### WORK INSTRUCTION:
The records that follow should be copied out exactly, pictures excluded.

··· DATA LISTING

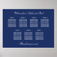 Navy Blue 7 Table Wedding Chart Poster, bitte personalisieren Sie die Namen des Paares und die Namen der Gäste zusammen mit jedem anderen Text, den Sie vielleicht personalisieren möchten. Eine elegante Sitzkarte mit stilvollem weißem Text auf marineblau.
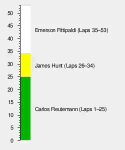Wilson Fittipaldi crashed on lap 13, his car catching fire and requiring the fire engine to be deployed. By now, Hunt had passed Lauda and was catching the two Brabhams. Pace took the lead on lap 15, but spun on the very next lap. Reutemann having retaken the lead, was understeering badly and on lap 25 was passed by Hunt. There was a ferocious battle with Emerson Fittipaldi for the lead.
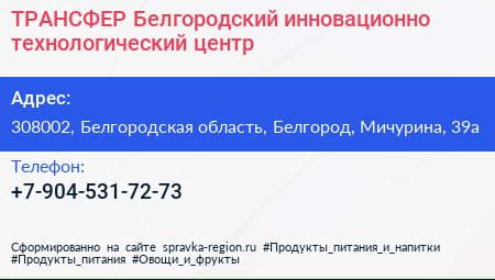ТРАНСФЕР, Белгородский инновационно-технологический центр по адресу 308002, Белгородская область, Белгород, Мичурина, 39а в дальнейшем Организация, размещена в следующих категориях:
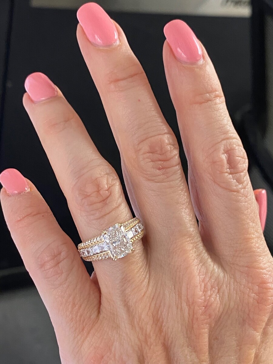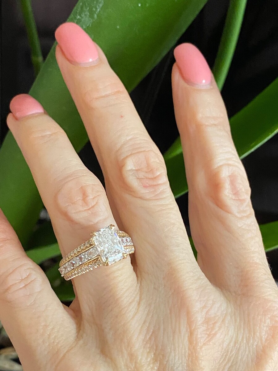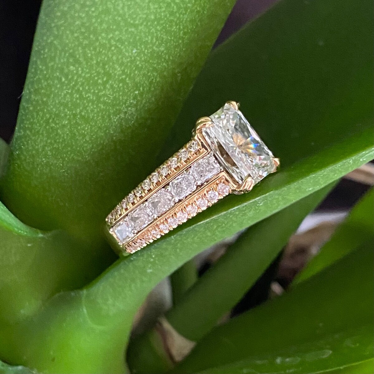 Este exquisito anillo de compromiso de diamantes irradia brillo y sofisticacion. En su corazon, un impresionante diamante cultivado en laboratorio de talla brillante radiante de 2,02 quilates con certificacion IGI se complementa con un halo oculto y una galería de diamantes redondos que realzan su deslumbrante encanto. La banda ancha de tres filas del anillo tiene un diseño intrincado y presenta una fila central de diamantes de talla radiante flanqueados por diamantes de talla redonda para mayor sparkle . Elaborada en lujoso oro amarillo de 14k y con un peso total de 3,65 quilates, esta extraordinaria pieza es el símbolo perfecto del amor y la sofisticacion eternos. Todos nuestros productos estan hechos a mano con calidad y cuidado, en el corazon del distrito de los diamantes en la calle 4
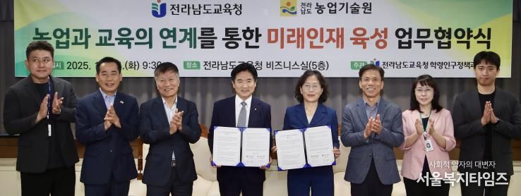 서울복지타임즈 이재연 기자 | 전라남도교육청은 10월 14일 청사 5층 비지니스실에서 전라남도 농업기술원(원장 김행란)과 ‘농업과 교육의 연계를 통한 미래인재 육성 업무협약’을 체결했다.
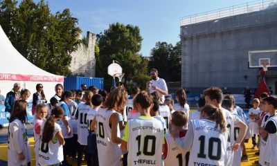 Giacomo Galanda, il capitano della Nazionale di basket italiana, oro europeo 1999 e argento olimpico 2004, ha incontrato i giovani e gli appassionati in piazza Fiera...
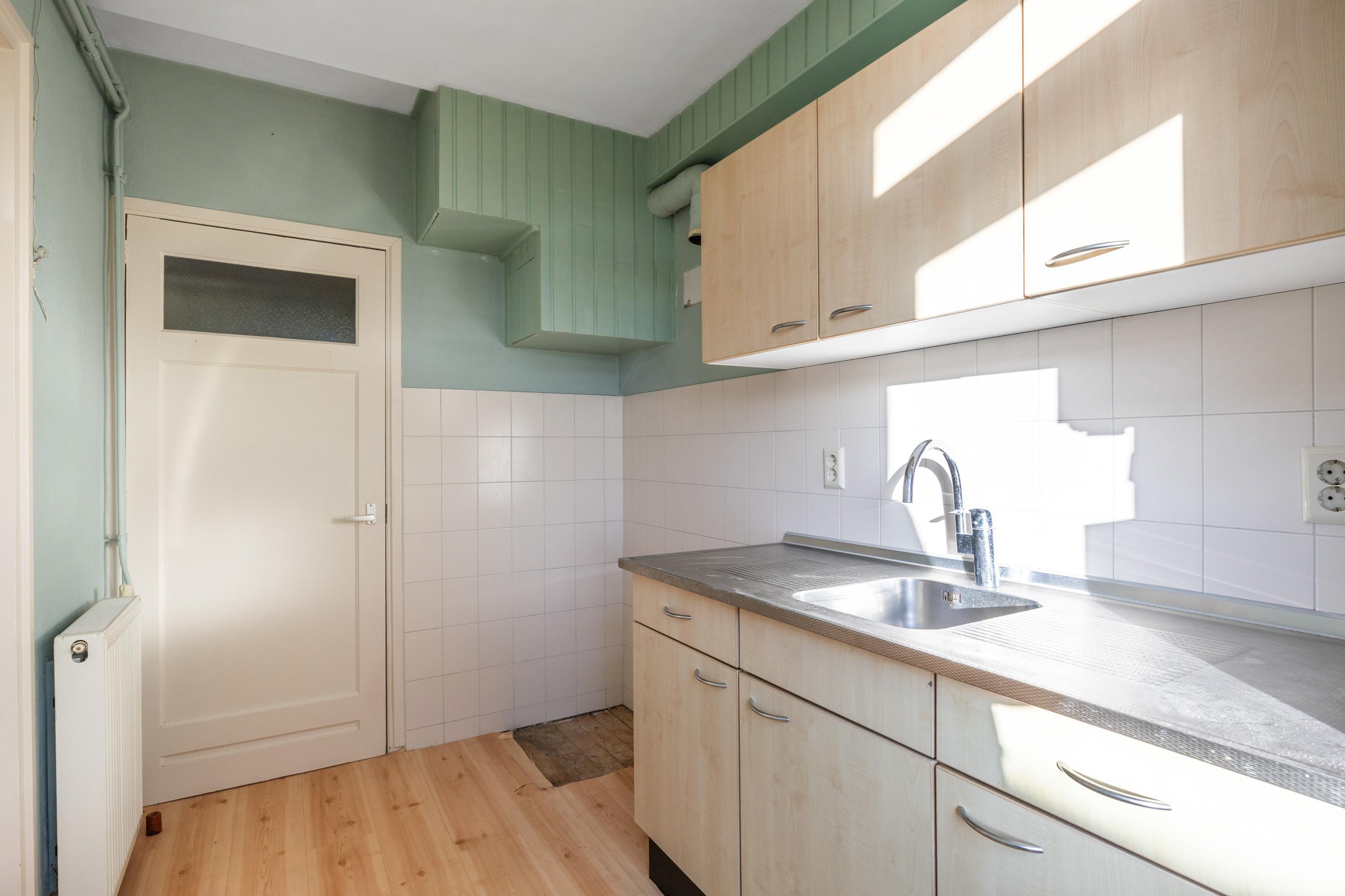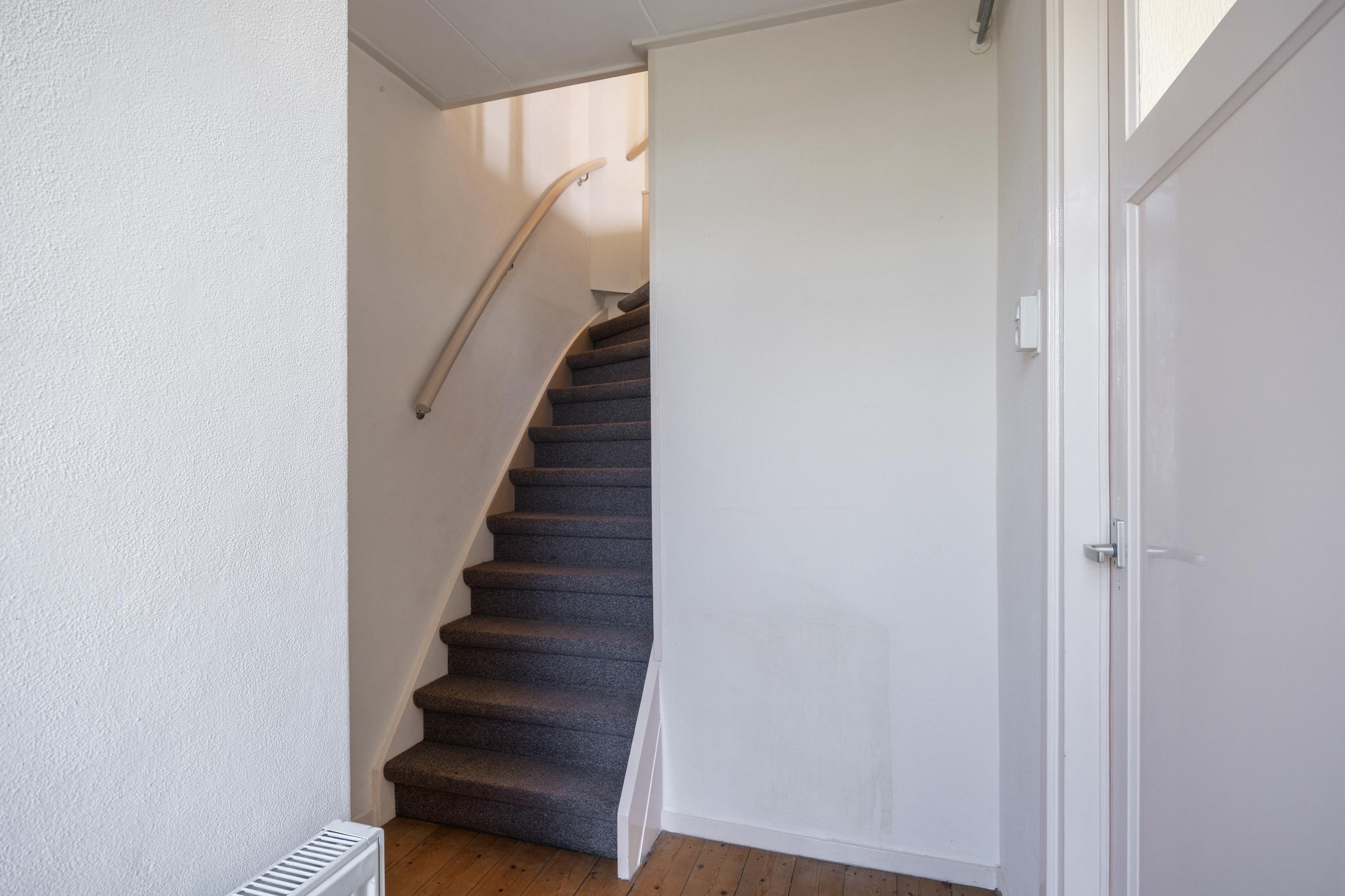 Entree met meterkast, toilet, trapopgang en doorgang naar de woonkamer. De woonkamer geniet van een vrij uitzicht aan zowel de voor- als achterzijde en staat in verbinding met de gesloten keuken. De keuken is voorzien van een eenvoudig basis keukenblok zonder installaties en beschikt over een trapkast en de directe doorgang naar de achtertuin.

······

### FINAL ANSWER:
 Navy Blue 7 Table Wedding Chart Poster, bitte personalisieren Sie die Namen des Paares und die Namen der Gäste zusammen mit jedem anderen Text, den Sie vielleicht personalisieren möchten. Eine elegante Sitzkarte mit stilvollem weißem Text auf marineblau.
Wilson Fittipaldi crashed on lap 13, his car catching fire and requiring the fire engine to be deployed. By now, Hunt had passed Lauda and was catching the two Brabhams. Pace took the lead on lap 15, but spun on the very next lap. Reutemann having retaken the lead, was understeering badly and on lap 25 was passed by Hunt. There was a ferocious battle with Emerson Fittipaldi for the lead.
ТРАНСФЕР, Белгородский инновационно-технологический центр по адресу 308002, Белгородская область, Белгород, Мичурина, 39а в дальнейшем Организация, размещена в следующих категориях:
 Este exquisito anillo de compromiso de diamantes irradia brillo y sofisticacion. En su corazon, un impresionante diamante cultivado en laboratorio de talla brillante radiante de 2,02 quilates con certificacion IGI se complementa con un halo oculto y una galería de diamantes redondos que realzan su deslumbrante encanto. La banda ancha de tres filas del anillo tiene un diseño intrincado y presenta una fila central de diamantes de talla radiante flanqueados por diamantes de talla redonda para mayor sparkle . Elaborada en lujoso oro amarillo de 14k y con un peso total de 3,65 quilates, esta extraordinaria pieza es el símbolo perfecto del amor y la sofisticacion eternos. Todos nuestros productos estan hechos a mano con calidad y cuidado, en el corazon del distrito de los diamantes en la calle 4
 서울복지타임즈 이재연 기자 | 전라남도교육청은 10월 14일 청사 5층 비지니스실에서 전라남도 농업기술원(원장 김행란)과 ‘농업과 교육의 연계를 통한 미래인재 육성 업무협약’을 체결했다.
 Giacomo Galanda, il capitano della Nazionale di basket italiana, oro europeo 1999 e argento olimpico 2004, ha incontrato i giovani e gli appassionati in piazza Fiera...
 Entree met meterkast, toilet, trapopgang en doorgang naar de woonkamer. De woonkamer geniet van een vrij uitzicht aan zowel de voor- als achterzijde en staat in verbinding met de gesloten keuken. De keuken is voorzien van een eenvoudig basis keukenblok zonder installaties en beschikt over een trapkast en de directe doorgang naar de achtertuin.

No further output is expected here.